Start of GIVEN DATA

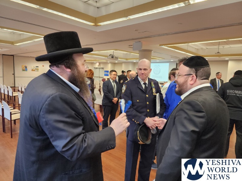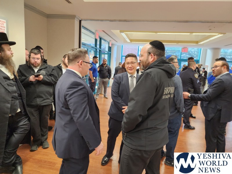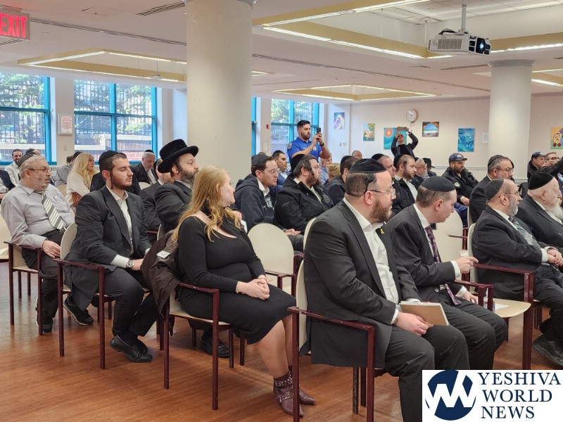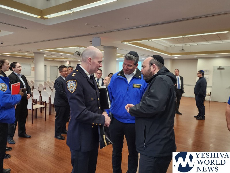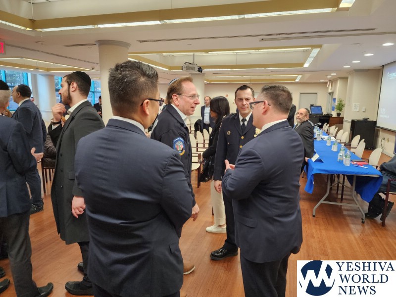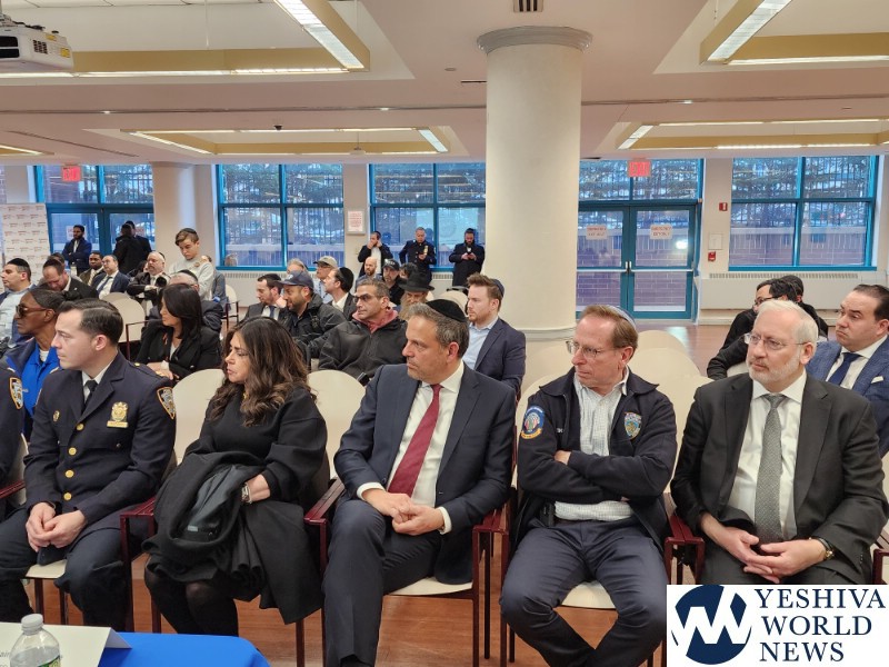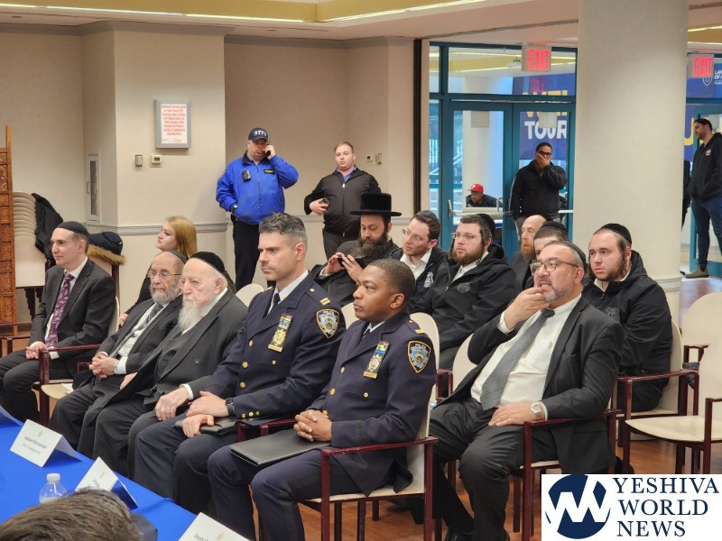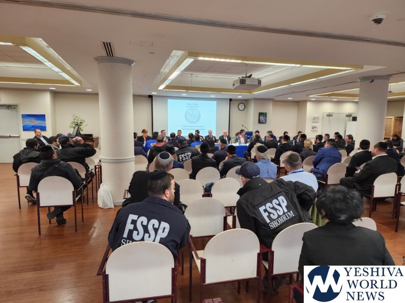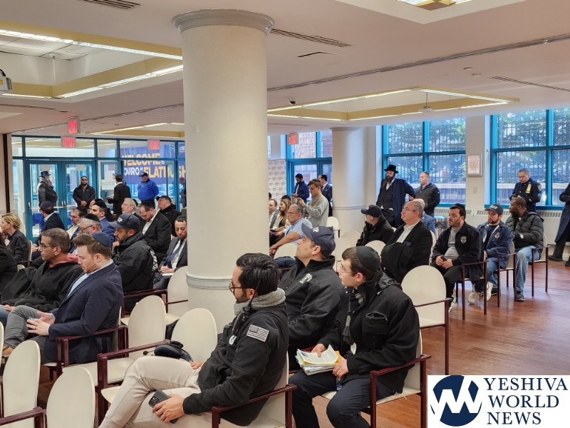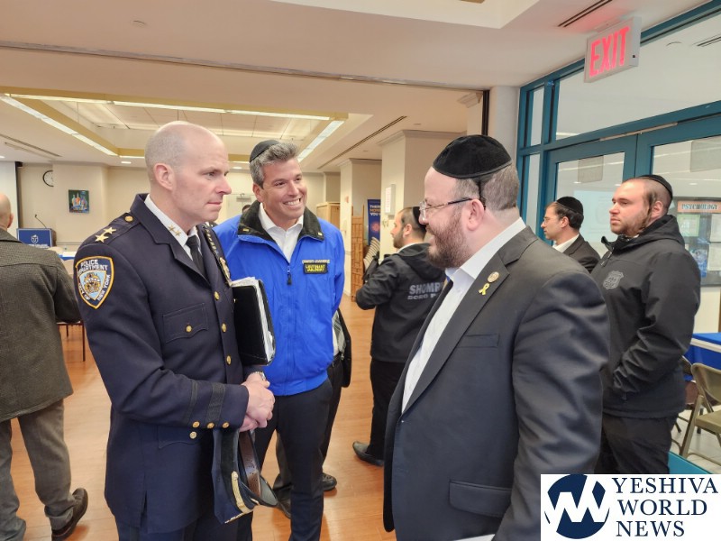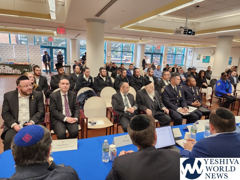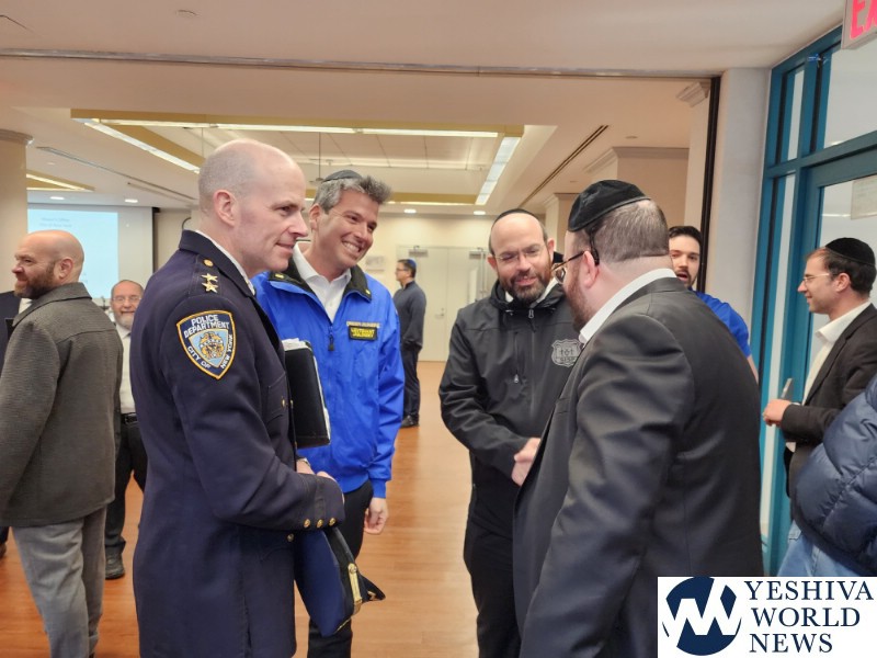 Coordinators from from Flatbush Shomrim Bob Moskovitz and Tzvi Weil, as well as coordinators from Boro Park Shomrim, were also present. NYPD Clergy Liaison Yehuda Eckstein, Councilman Kalman Yeger, and many others were in attendance. The meeting was open to the entire community.
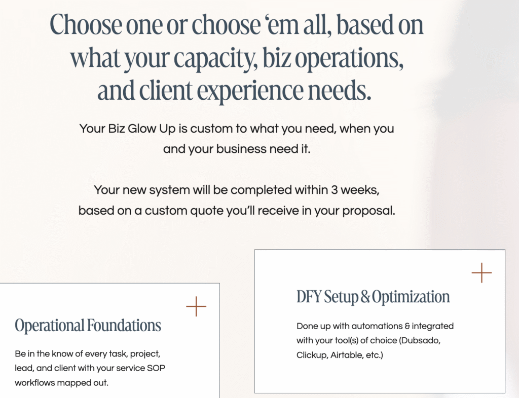 But after conducting market research calls for her (interviewing her past clients and their painpoints), we came to understand that client experience isn’t seen as a “sexy” business investment because of the nature of the solo service business owner who’s busy doing everything themselves.
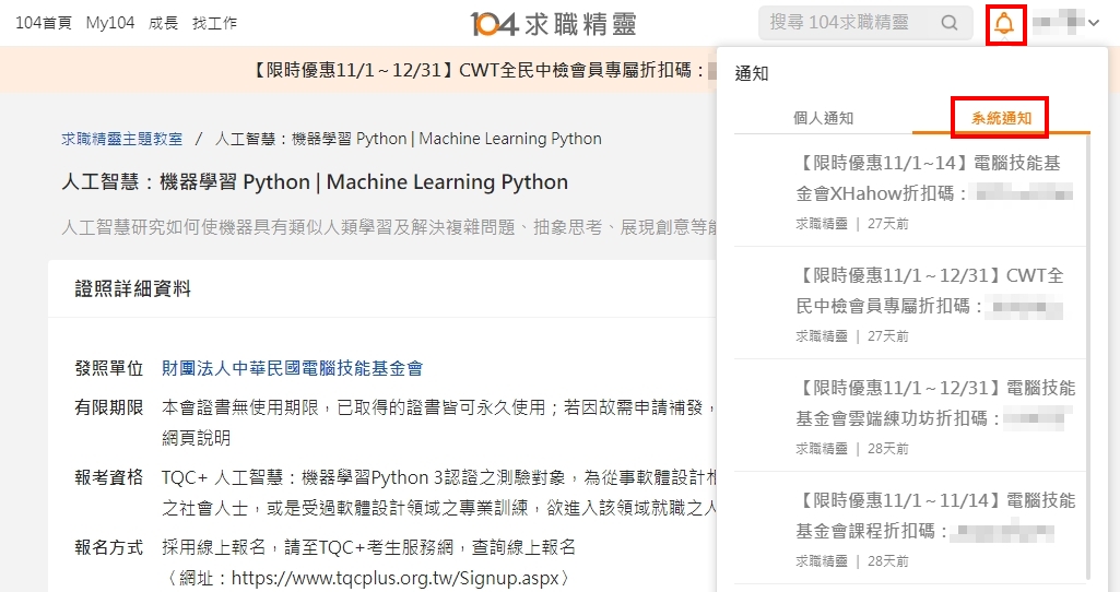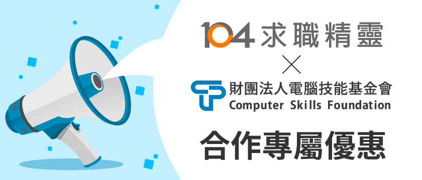 CSF與104求職精靈提供您技能學習與認證管道,登入104會員後,專屬優惠詳見系統通知頁面右上角小鈴鐺,104求職精靈https://nabi.104.com.tw/cjcat/
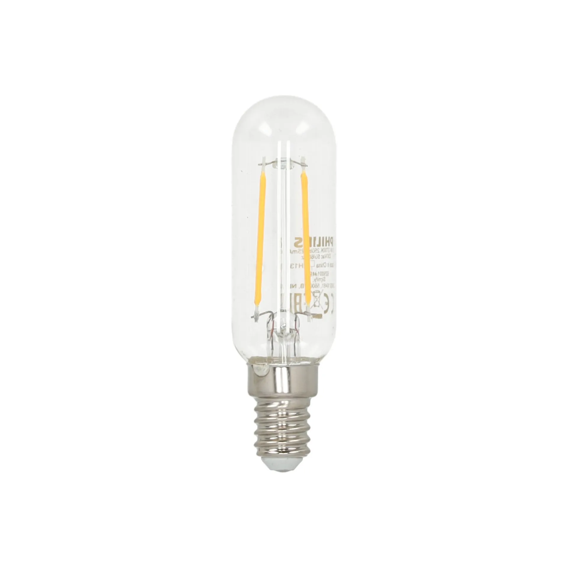 Philips T25 LED-lamp met E14-fitting, ontworpen voor koelkasten en afzuigkappen. Met een lichtopbrengst van 250 lumen en een vermogen van 2.1 watt, biedt deze lamp warm wit licht (2700K) en is zeer energiezuinig.

End of GIVEN DATA

Copy all the lines of data exactly as they appear, dropping any images.

 Coordinators from from Flatbush Shomrim Bob Moskovitz and Tzvi Weil, as well as coordinators from Boro Park Shomrim, were also present. NYPD Clergy Liaison Yehuda Eckstein, Councilman Kalman Yeger, and many others were in attendance. The meeting was open to the entire community.
 But after conducting market research calls for her (interviewing her past clients and their painpoints), we came to understand that client experience isn’t seen as a “sexy” business investment because of the nature of the solo service business owner who’s busy doing everything themselves.
 CSF與104求職精靈提供您技能學習與認證管道,登入104會員後,專屬優惠詳見系統通知頁面右上角小鈴鐺,104求職精靈https://nabi.104.com.tw/cjcat/
 Philips T25 LED-lamp met E14-fitting, ontworpen voor koelkasten en afzuigkappen. Met een lichtopbrengst van 250 lumen en een vermogen van 2.1 watt, biedt deze lamp warm wit licht (2700K) en is zeer energiezuinig.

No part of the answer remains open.